**AIM OF THE EXERCISE:** Pictures should be left out while the data beneath this task is written out word for word.

(Extracted data entries)

....

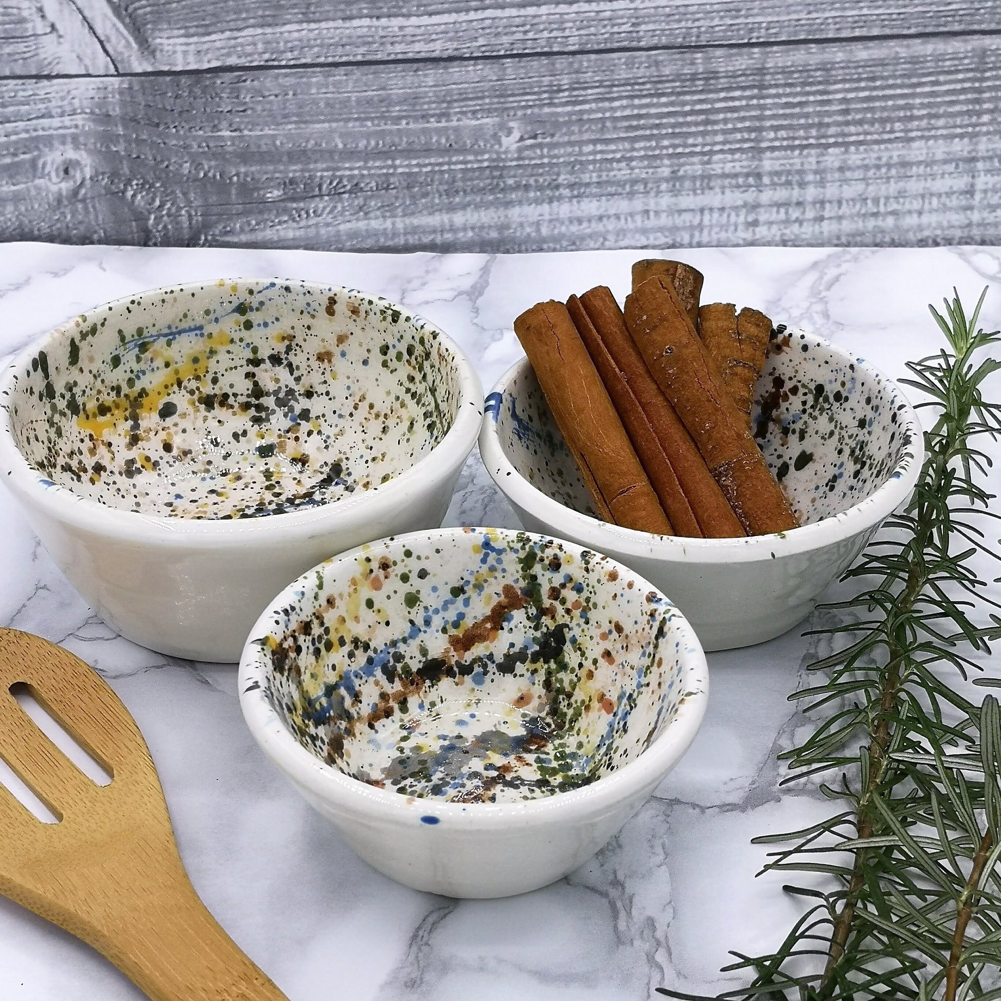 Add vibrant charm to your dining table with our Handmade Ceramic Bowl Set of 3. Perfect for serving sauces, starters, snacks, or simply as a beautiful decorative accent, these colorful bowls bring a unique touch of artistry to your home. Each set includes three different sizes, handcrafted with care, making them perfect as a housewarming gift or for any special occasion.
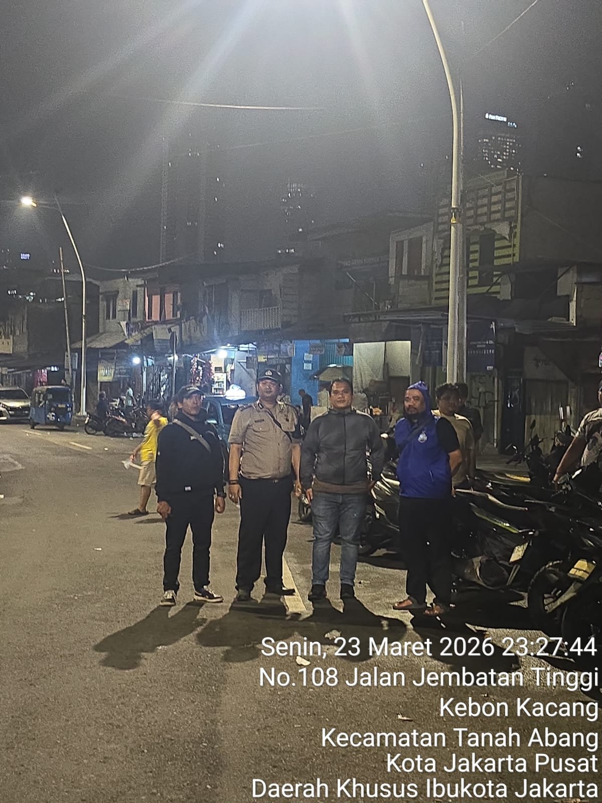 Kegiatan tersebut dilaksanakan pada Senin (23/3/2026) sekitar pukul 23.37 WIB di kawasan Jalan KS Tubun, Jati Bunder, Jembatan Tinggi, Tanah Abang.
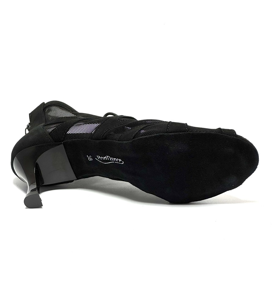 Scarpa da ballo per donna ottima per ballo latino americano salsa bachata kizomba ballo da sala liscio tango spuntata allacciata con zip posteriore sul tallone sottopiede in memory foam tomaia in nabuk nero con riporti in rete elasticizzata nera suola in bufalo tacco 60 a rocchetto
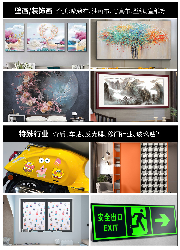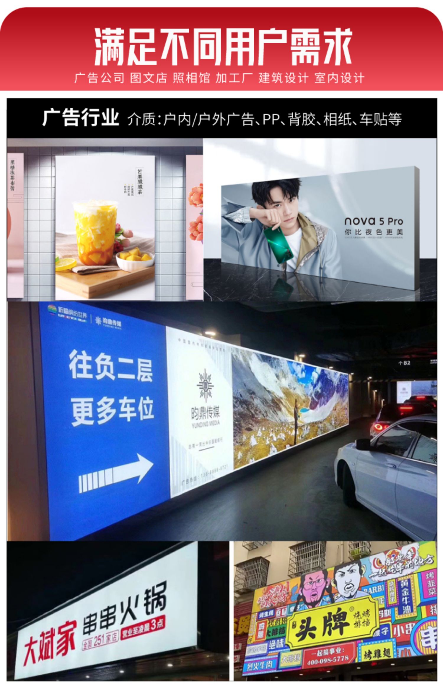 介质材料:相纸、画布、车贴、背胶、反光材料等
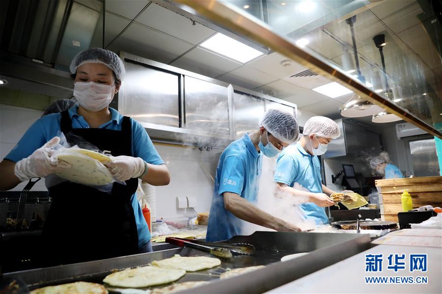 在上海地鐵13號線世博會博物館地鐵站附近的一家盒小馬服務點,工作人員在制作煎餅果子等早餐餐品(7月17日攝)。近年來,在上海崛起了一批以盒馬、叮咚、拼多多為代表的在線經濟新力量,在助力脫貧攻堅、提升城市居民品質生活方面發(fā)揮著重要作用。電商加持下的“云農業(yè)”加速發(fā)展,一端為市民提供更便宜新鮮的農產品,另一端讓山區(qū)的優(yōu)質產品加速進入城市餐桌,化解交通不便、農產品滯銷等問題。新華社記者方喆攝。
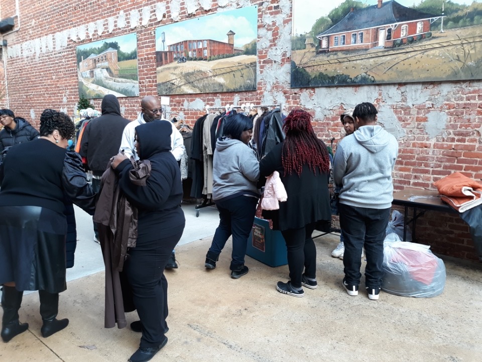 The coats were distributed Saturday at the green space at 1026 Roanoke Avenue with assistance from Citizens on Patrol.
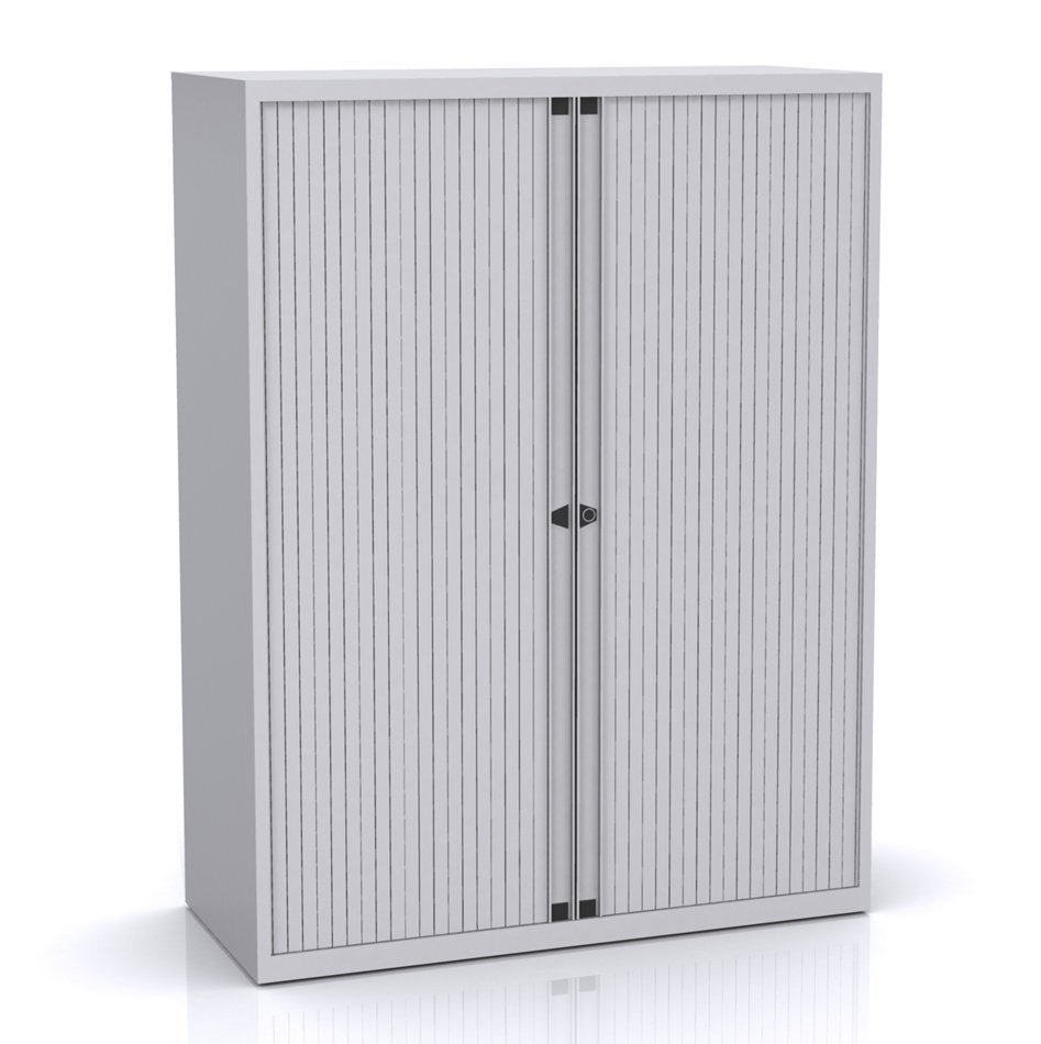 Kovové skříně s horizontální roletou se dvěmi policemi, šířka 1000, výška 1181, hloubka 430 mm, různé barvy.
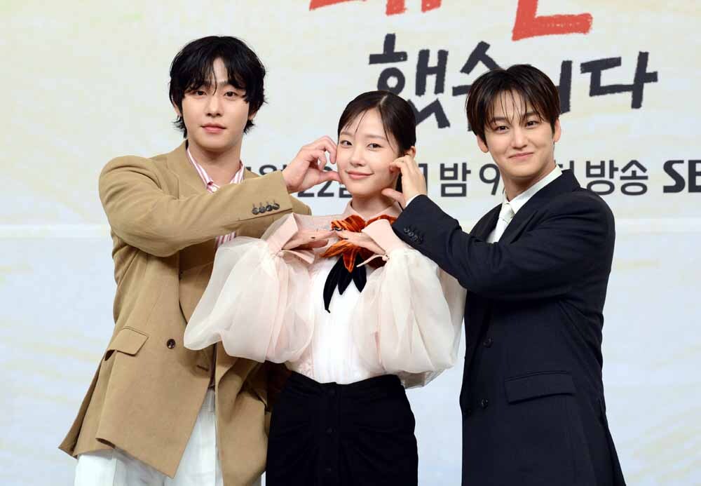 배우 안효섭, 채원빈, 김범(왼쪽부터)이 15일 서울 양천구 SBS 본사에서 진행된 SBS 수목드라마 '오늘도 매진했습니다' 제작발표회에서 포즈를 취하고 있다. SBS 수목드라마 '오늘도 매진했습니다' 는 완벽주의 농부 매튜 리와 완판주의 쇼호스트 담예진이 밤낮없이 얽히며 펼지는 로맨스 드라마로 안효섭, 채원빈, 김범 등이 출연한다. 사진=김두홍 기자 kimdh@sportsworldi.com
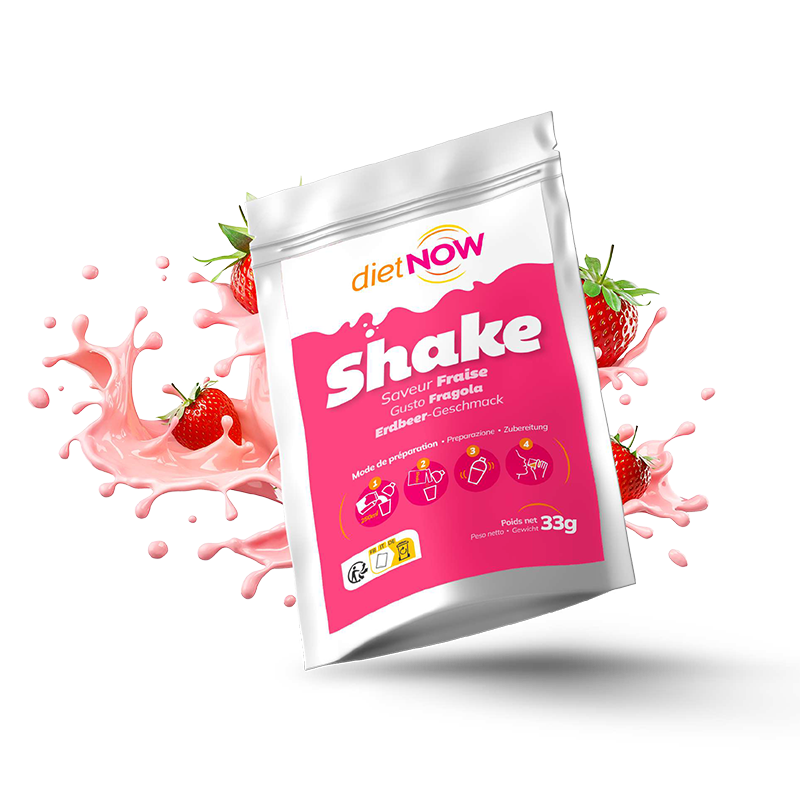 Préparation en poudre pour milk shake arôme fraise. Substitut de repas pour contrôle du poids
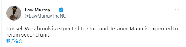 JRS直播网讯02月25日,据快船随队记者Law Murray报道,球队新援威少预计将首发出战,特伦斯-曼恩预计将回到第二阵容;名记揭秘快船签约威少内幕,乔治力排众议获小卡支持。
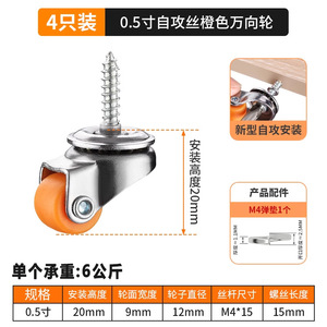 0.5inchM4 ネジ付きユニバーサル ホイール [4 個パック] オレンジ色のナイロン ホイール/セルフタッピング取り付け

....

**RESPONSE:**
 Add vibrant charm to your dining table with our Handmade Ceramic Bowl Set of 3. Perfect for serving sauces, starters, snacks, or simply as a beautiful decorative accent, these colorful bowls bring a unique touch of artistry to your home. Each set includes three different sizes, handcrafted with care, making them perfect as a housewarming gift or for any special occasion.
 Kegiatan tersebut dilaksanakan pada Senin (23/3/2026) sekitar pukul 23.37 WIB di kawasan Jalan KS Tubun, Jati Bunder, Jembatan Tinggi, Tanah Abang.
 Scarpa da ballo per donna ottima per ballo latino americano salsa bachata kizomba ballo da sala liscio tango spuntata allacciata con zip posteriore sul tallone sottopiede in memory foam tomaia in nabuk nero con riporti in rete elasticizzata nera suola in bufalo tacco 60 a rocchetto
 介质材料:相纸、画布、车贴、背胶、反光材料等
 在上海地鐵13號線世博會博物館地鐵站附近的一家盒小馬服務點,工作人員在制作煎餅果子等早餐餐品(7月17日攝)。近年來,在上海崛起了一批以盒馬、叮咚、拼多多為代表的在線經濟新力量,在助力脫貧攻堅、提升城市居民品質生活方面發(fā)揮著重要作用。電商加持下的“云農業(yè)”加速發(fā)展,一端為市民提供更便宜新鮮的農產品,另一端讓山區(qū)的優(yōu)質產品加速進入城市餐桌,化解交通不便、農產品滯銷等問題。新華社記者方喆攝。
 The coats were distributed Saturday at the green space at 1026 Roanoke Avenue with assistance from Citizens on Patrol.
 Kovové skříně s horizontální roletou se dvěmi policemi, šířka 1000, výška 1181, hloubka 430 mm, různé barvy.
 배우 안효섭, 채원빈, 김범(왼쪽부터)이 15일 서울 양천구 SBS 본사에서 진행된 SBS 수목드라마 '오늘도 매진했습니다' 제작발표회에서 포즈를 취하고 있다. SBS 수목드라마 '오늘도 매진했습니다' 는 완벽주의 농부 매튜 리와 완판주의 쇼호스트 담예진이 밤낮없이 얽히며 펼지는 로맨스 드라마로 안효섭, 채원빈, 김범 등이 출연한다. 사진=김두홍 기자 kimdh@sportsworldi.com
 Préparation en poudre pour milk shake arôme fraise. Substitut de repas pour contrôle du poids
 JRS直播网讯02月25日,据快船随队记者Law Murray报道,球队新援威少预计将首发出战,特伦斯-曼恩预计将回到第二阵容;名记揭秘快船签约威少内幕,乔治力排众议获小卡支持。
 0.5inchM4 ネジ付きユニバーサル ホイール [4 個パック] オレンジ色のナイロン ホイール/セルフタッピング取り付け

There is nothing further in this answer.